# The task
Once you find the line with "- 【What You" in the data below, transcribe exactly each line from there to the line with "Outline document stack", inclusive, and nothing else. Drop the pictures.

# Exercise inputs

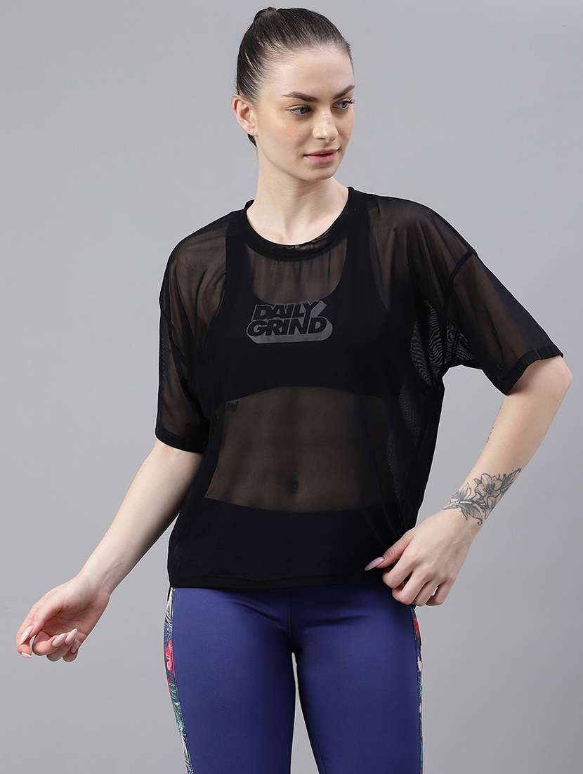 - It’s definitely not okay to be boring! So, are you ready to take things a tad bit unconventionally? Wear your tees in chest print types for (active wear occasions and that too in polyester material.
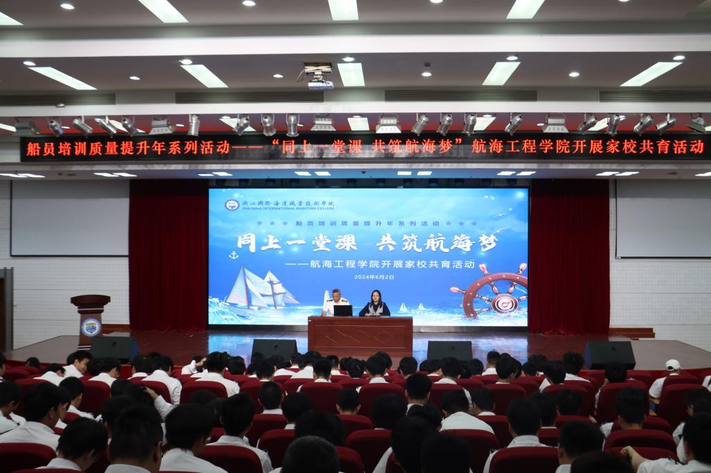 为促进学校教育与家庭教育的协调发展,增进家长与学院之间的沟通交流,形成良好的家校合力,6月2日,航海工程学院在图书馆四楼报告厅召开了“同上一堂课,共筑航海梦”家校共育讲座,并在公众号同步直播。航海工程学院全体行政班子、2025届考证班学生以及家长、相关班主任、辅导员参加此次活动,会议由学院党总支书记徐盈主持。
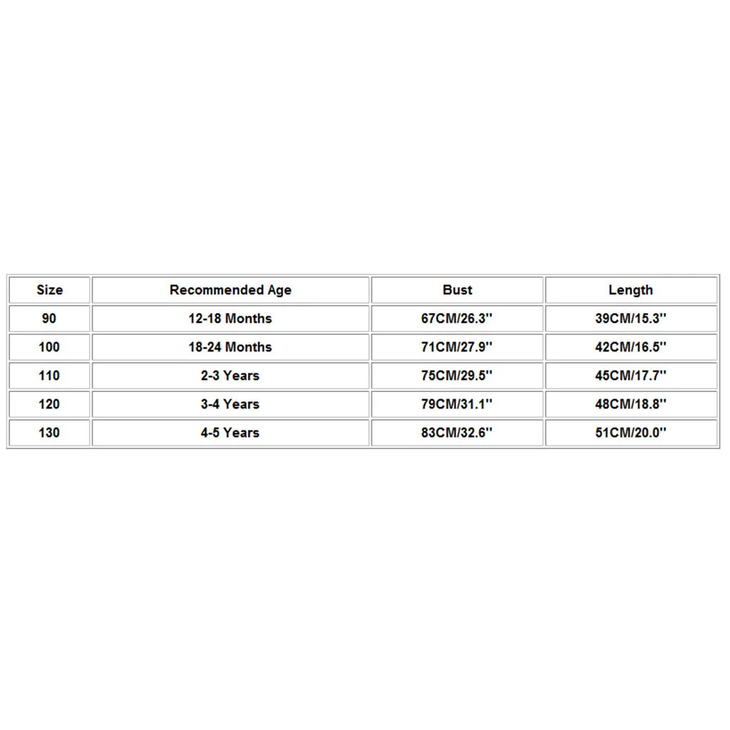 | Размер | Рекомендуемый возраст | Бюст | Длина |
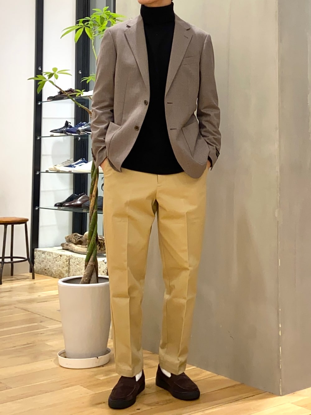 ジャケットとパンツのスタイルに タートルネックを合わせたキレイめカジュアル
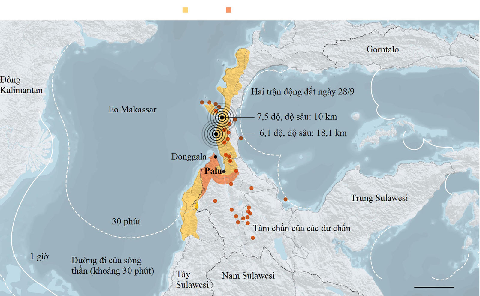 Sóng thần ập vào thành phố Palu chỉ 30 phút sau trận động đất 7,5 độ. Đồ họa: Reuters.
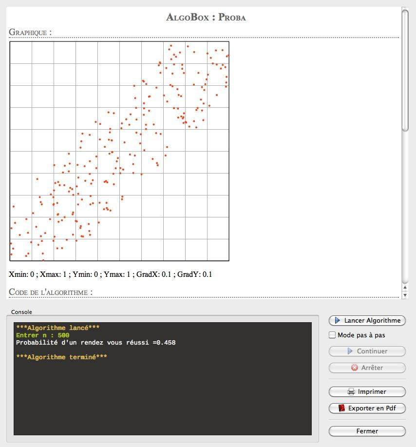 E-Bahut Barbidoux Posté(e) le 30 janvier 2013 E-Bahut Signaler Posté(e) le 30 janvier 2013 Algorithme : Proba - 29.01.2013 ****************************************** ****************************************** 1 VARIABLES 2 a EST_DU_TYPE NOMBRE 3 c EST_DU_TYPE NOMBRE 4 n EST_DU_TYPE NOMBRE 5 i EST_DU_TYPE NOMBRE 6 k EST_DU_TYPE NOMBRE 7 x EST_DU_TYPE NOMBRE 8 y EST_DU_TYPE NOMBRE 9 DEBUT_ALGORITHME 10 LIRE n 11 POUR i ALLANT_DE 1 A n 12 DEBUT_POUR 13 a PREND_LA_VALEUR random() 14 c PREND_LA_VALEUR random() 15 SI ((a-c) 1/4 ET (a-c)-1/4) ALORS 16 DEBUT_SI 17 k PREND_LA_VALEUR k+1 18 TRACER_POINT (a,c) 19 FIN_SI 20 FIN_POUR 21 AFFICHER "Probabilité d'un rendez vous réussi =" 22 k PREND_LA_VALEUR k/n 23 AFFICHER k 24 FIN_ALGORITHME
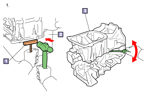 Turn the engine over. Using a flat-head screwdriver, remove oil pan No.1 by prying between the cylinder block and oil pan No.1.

--

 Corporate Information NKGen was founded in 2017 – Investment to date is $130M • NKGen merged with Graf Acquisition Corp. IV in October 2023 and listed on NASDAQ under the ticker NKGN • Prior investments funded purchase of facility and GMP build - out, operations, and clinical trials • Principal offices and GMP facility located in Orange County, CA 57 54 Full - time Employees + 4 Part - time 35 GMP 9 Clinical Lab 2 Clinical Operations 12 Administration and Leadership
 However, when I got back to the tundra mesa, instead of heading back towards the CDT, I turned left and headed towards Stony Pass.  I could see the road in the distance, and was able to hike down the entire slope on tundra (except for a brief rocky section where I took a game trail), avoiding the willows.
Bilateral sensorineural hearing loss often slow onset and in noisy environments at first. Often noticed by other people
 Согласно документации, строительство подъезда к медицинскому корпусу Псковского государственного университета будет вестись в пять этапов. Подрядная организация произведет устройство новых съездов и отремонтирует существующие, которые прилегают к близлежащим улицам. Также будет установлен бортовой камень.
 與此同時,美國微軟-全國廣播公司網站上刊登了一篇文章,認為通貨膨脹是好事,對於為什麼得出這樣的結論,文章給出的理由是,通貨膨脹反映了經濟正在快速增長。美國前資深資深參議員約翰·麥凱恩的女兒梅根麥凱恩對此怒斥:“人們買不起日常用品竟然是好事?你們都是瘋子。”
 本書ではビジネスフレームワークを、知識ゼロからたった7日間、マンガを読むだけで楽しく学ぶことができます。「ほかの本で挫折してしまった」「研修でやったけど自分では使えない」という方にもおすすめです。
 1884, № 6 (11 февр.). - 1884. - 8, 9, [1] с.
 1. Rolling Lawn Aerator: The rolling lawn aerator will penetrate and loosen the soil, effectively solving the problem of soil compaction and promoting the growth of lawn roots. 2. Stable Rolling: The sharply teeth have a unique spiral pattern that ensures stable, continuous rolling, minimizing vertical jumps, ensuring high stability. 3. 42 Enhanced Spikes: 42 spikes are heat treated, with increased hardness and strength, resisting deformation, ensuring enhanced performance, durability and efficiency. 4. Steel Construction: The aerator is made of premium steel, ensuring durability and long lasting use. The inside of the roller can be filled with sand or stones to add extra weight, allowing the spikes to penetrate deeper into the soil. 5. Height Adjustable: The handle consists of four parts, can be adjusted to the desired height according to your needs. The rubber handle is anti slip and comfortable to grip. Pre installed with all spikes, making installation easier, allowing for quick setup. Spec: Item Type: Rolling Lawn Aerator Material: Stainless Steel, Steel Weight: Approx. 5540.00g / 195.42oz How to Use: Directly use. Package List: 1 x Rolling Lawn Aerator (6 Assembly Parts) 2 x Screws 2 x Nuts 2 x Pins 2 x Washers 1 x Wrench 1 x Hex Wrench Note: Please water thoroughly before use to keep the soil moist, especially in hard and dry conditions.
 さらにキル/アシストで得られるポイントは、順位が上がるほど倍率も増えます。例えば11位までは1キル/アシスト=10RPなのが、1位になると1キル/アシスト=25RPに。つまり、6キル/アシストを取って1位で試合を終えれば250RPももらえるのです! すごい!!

...

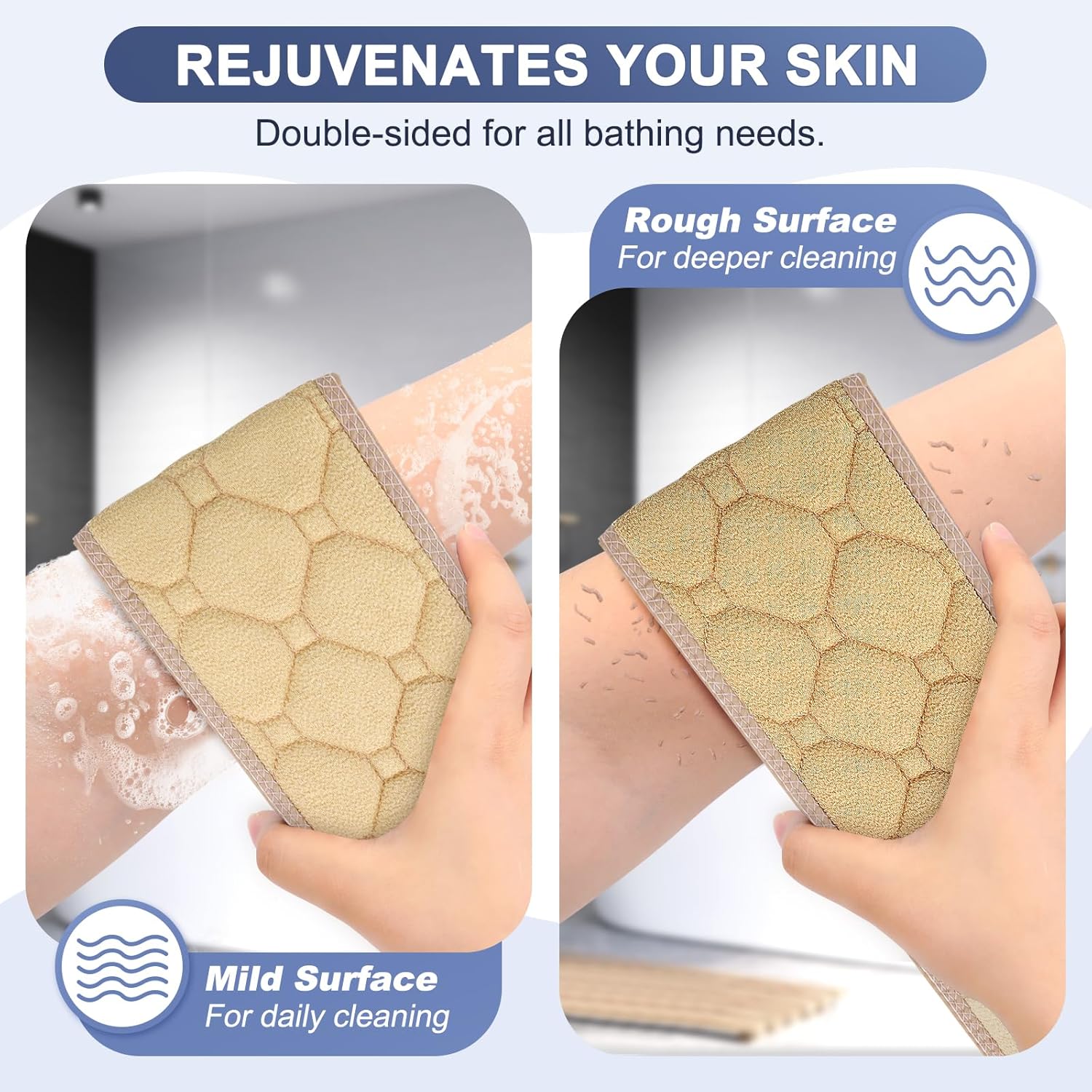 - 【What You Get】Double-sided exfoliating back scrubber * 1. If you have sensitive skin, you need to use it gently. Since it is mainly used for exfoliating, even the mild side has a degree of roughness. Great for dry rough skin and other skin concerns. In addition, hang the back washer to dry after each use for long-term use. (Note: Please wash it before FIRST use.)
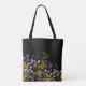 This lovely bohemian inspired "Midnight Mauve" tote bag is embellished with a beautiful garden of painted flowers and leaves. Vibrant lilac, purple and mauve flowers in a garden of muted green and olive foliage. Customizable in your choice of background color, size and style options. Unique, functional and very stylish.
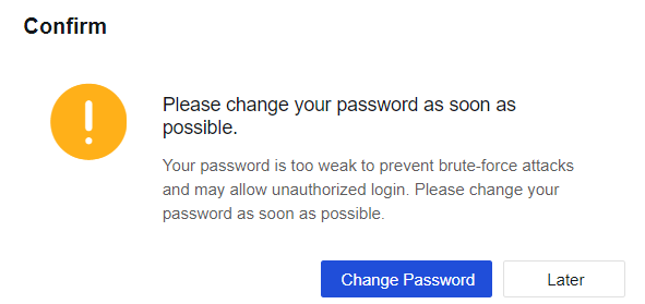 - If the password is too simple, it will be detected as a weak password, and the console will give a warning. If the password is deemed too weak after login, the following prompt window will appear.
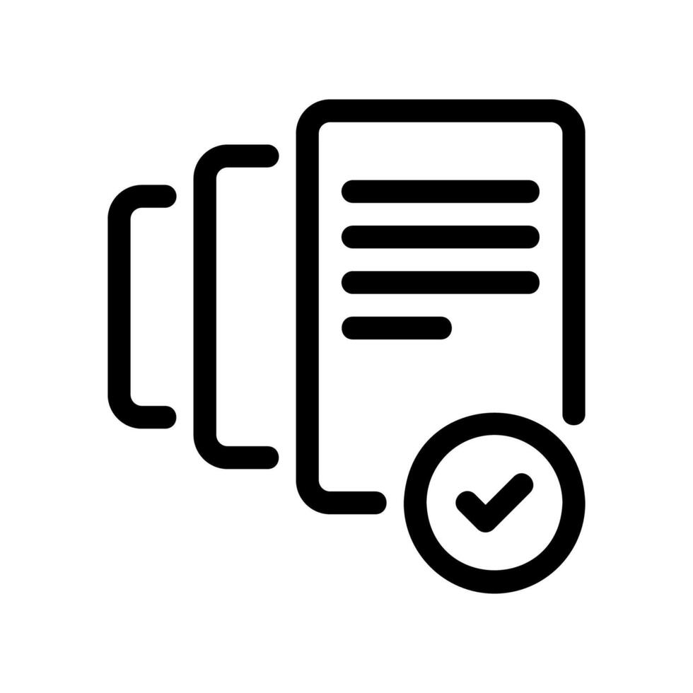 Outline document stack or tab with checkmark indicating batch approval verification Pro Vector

# Written reply
 - 【What You Get】Double-sided exfoliating back scrubber * 1. If you have sensitive skin, you need to use it gently. Since it is mainly used for exfoliating, even the mild side has a degree of roughness. Great for dry rough skin and other skin concerns. In addition, hang the back washer to dry after each use for long-term use. (Note: Please wash it before FIRST use.)
 This lovely bohemian inspired "Midnight Mauve" tote bag is embellished with a beautiful garden of painted flowers and leaves. Vibrant lilac, purple and mauve flowers in a garden of muted green and olive foliage. Customizable in your choice of background color, size and style options. Unique, functional and very stylish.
 - If the password is too simple, it will be detected as a weak password, and the console will give a warning. If the password is deemed too weak after login, the following prompt window will appear.
 Outline document stack or tab with checkmark indicating batch approval verification Pro Vector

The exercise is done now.